■ About this task:
Going down the listing below, print exactly each line from the one with "HPMV-FB系列礦用隔爆兼" up to and including the one with "கோவை அவசர கதி", and skip the rest.

■ Given records:
- Opening Delimiter -

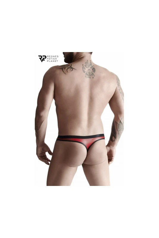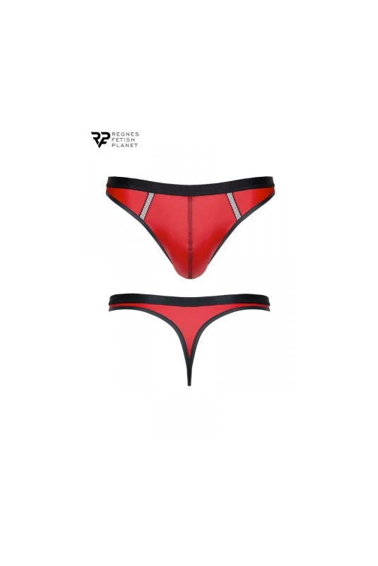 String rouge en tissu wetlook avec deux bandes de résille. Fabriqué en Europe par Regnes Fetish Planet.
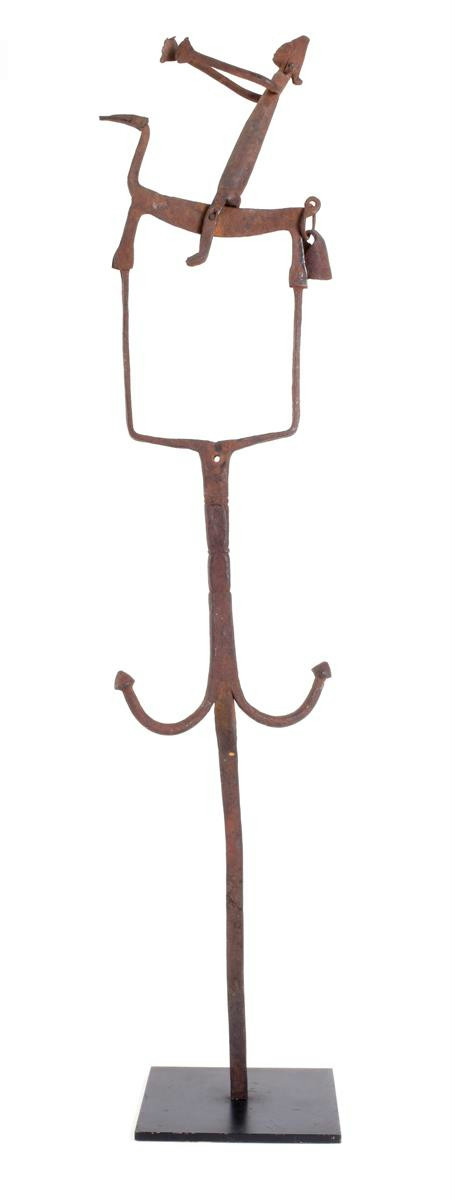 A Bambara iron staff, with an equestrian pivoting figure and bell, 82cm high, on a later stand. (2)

- Closing Delimiter -
- Opening Delimiter -

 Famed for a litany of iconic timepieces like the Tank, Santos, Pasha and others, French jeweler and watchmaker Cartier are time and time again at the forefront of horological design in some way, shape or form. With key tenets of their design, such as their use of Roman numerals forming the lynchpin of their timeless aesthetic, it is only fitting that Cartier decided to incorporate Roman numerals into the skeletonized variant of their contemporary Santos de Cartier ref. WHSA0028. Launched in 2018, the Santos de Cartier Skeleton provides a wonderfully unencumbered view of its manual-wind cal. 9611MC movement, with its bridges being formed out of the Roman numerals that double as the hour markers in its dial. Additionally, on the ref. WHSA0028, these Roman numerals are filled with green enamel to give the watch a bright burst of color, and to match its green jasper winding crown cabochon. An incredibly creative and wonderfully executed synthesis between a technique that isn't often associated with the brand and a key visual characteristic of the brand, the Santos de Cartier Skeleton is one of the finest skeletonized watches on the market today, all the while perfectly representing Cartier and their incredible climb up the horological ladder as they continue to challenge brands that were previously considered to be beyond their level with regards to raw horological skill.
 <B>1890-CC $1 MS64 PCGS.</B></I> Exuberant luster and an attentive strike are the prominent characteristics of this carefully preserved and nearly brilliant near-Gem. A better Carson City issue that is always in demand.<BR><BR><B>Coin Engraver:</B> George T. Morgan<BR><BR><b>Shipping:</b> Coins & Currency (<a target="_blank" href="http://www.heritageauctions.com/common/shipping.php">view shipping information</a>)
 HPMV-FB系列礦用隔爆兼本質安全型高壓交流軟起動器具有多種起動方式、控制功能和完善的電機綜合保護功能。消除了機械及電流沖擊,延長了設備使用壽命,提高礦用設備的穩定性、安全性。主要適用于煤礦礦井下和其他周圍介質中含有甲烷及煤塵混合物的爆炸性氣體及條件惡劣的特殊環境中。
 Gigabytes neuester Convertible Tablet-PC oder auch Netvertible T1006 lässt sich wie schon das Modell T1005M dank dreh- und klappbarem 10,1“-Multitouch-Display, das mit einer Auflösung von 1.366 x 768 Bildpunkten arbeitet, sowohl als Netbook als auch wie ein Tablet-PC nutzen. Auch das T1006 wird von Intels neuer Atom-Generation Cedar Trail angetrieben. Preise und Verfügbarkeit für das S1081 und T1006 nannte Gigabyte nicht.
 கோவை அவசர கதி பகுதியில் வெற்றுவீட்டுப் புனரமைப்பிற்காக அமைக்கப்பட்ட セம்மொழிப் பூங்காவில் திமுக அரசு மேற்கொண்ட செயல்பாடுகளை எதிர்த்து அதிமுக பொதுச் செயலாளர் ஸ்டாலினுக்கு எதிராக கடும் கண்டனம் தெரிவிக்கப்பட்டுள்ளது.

- Closing Delimiter -
- Opening Delimiter -

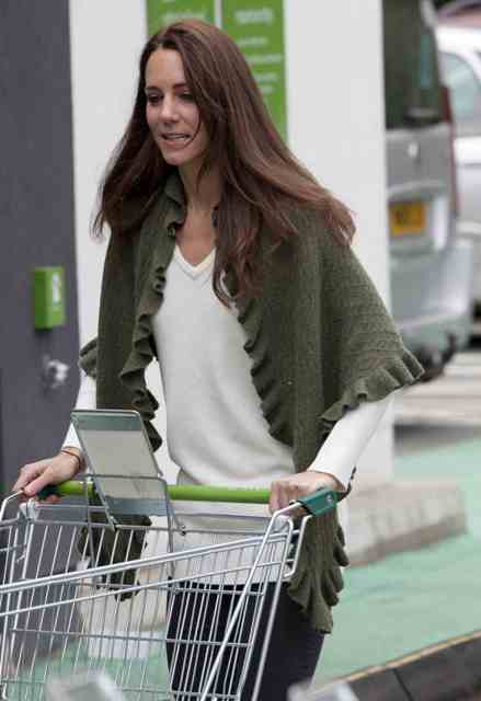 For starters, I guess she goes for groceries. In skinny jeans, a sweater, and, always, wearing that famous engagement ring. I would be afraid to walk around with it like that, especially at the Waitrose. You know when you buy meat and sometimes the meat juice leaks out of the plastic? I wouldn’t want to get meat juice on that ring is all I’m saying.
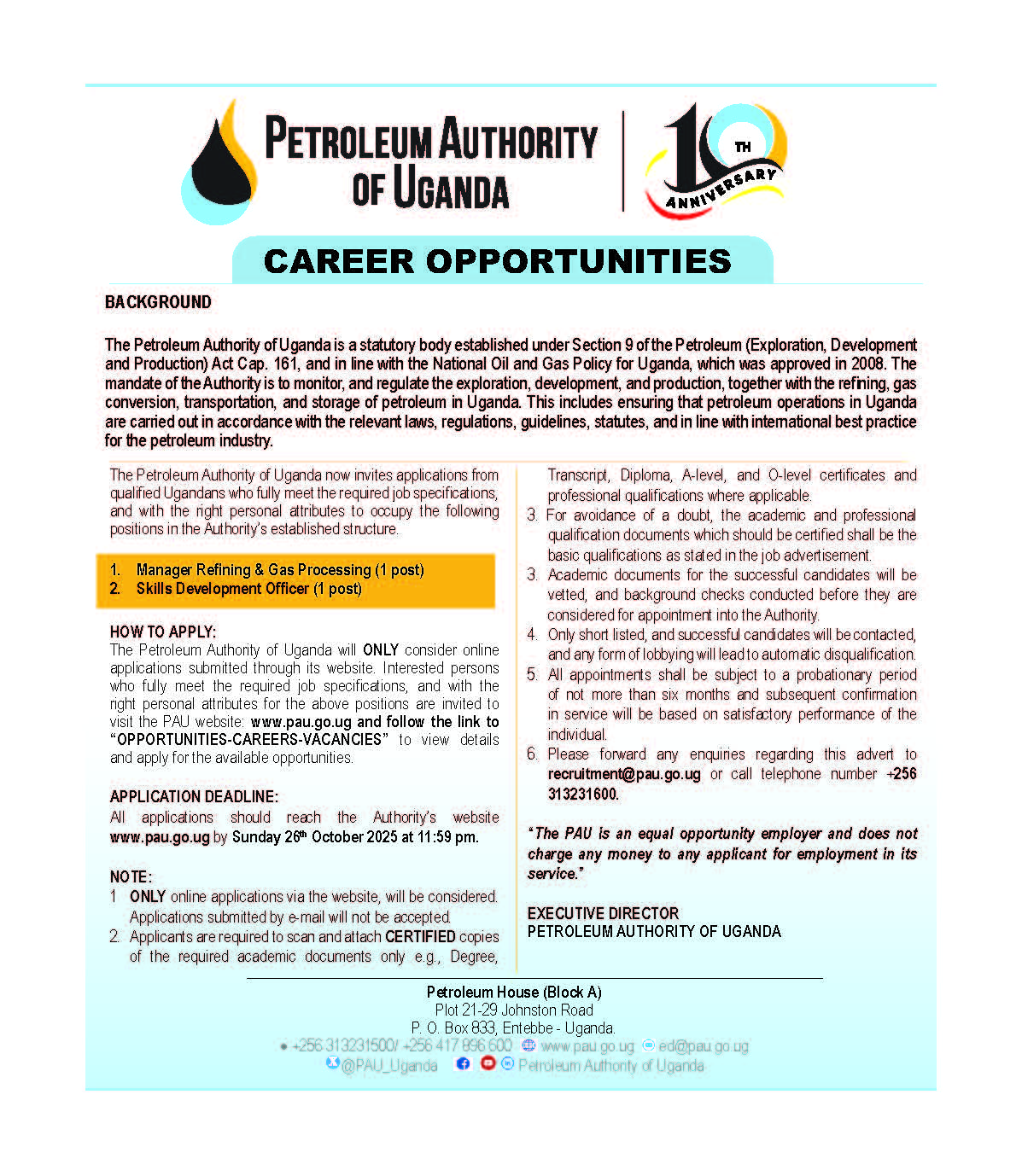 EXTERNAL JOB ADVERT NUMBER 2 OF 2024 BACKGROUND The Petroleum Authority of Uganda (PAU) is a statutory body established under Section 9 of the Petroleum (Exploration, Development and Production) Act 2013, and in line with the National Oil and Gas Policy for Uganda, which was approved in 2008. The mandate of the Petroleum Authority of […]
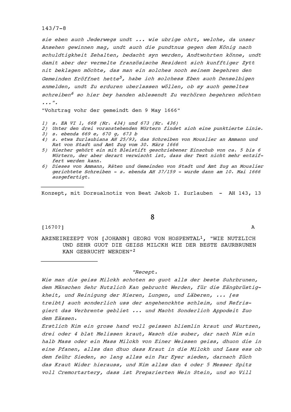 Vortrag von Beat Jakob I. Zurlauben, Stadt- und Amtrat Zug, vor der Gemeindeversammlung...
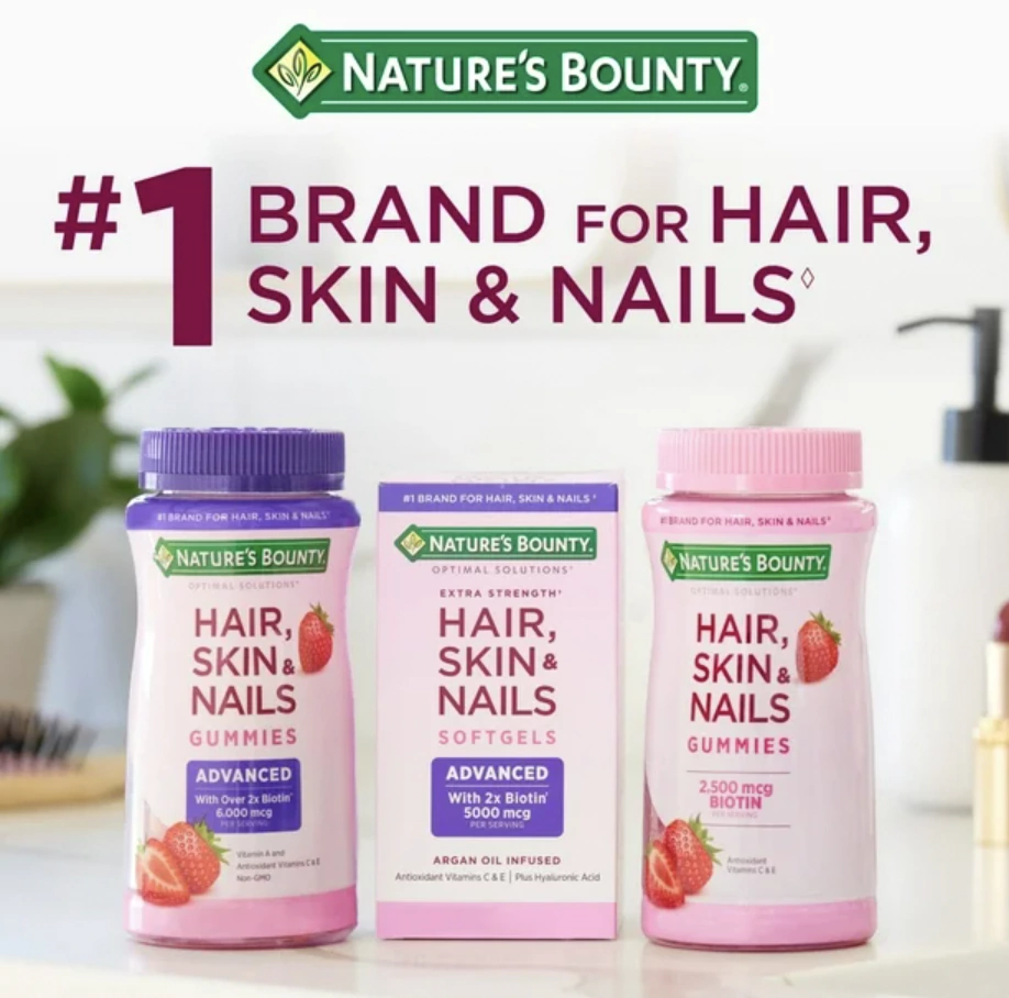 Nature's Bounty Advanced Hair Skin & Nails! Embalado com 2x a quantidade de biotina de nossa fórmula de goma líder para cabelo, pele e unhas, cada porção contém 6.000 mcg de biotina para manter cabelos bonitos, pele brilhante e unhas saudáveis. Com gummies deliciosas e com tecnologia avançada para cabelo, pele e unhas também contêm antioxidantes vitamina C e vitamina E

- Closing Delimiter -

■ Answer to the exercise:
 HPMV-FB系列礦用隔爆兼本質安全型高壓交流軟起動器具有多種起動方式、控制功能和完善的電機綜合保護功能。消除了機械及電流沖擊,延長了設備使用壽命,提高礦用設備的穩定性、安全性。主要適用于煤礦礦井下和其他周圍介質中含有甲烷及煤塵混合物的爆炸性氣體及條件惡劣的特殊環境中。
 Gigabytes neuester Convertible Tablet-PC oder auch Netvertible T1006 lässt sich wie schon das Modell T1005M dank dreh- und klappbarem 10,1“-Multitouch-Display, das mit einer Auflösung von 1.366 x 768 Bildpunkten arbeitet, sowohl als Netbook als auch wie ein Tablet-PC nutzen. Auch das T1006 wird von Intels neuer Atom-Generation Cedar Trail angetrieben. Preise und Verfügbarkeit für das S1081 und T1006 nannte Gigabyte nicht.
 கோவை அவசர கதி பகுதியில் வெற்றுவீட்டுப் புனரமைப்பிற்காக அமைக்கப்பட்ட セம்மொழிப் பூங்காவில் திமுக அரசு மேற்கொண்ட செயல்பாடுகளை எதிர்த்து அதிமுக பொதுச் செயலாளர் ஸ்டாலினுக்கு எதிராக கடும் கண்டனம் தெரிவிக்கப்பட்டுள்ளது.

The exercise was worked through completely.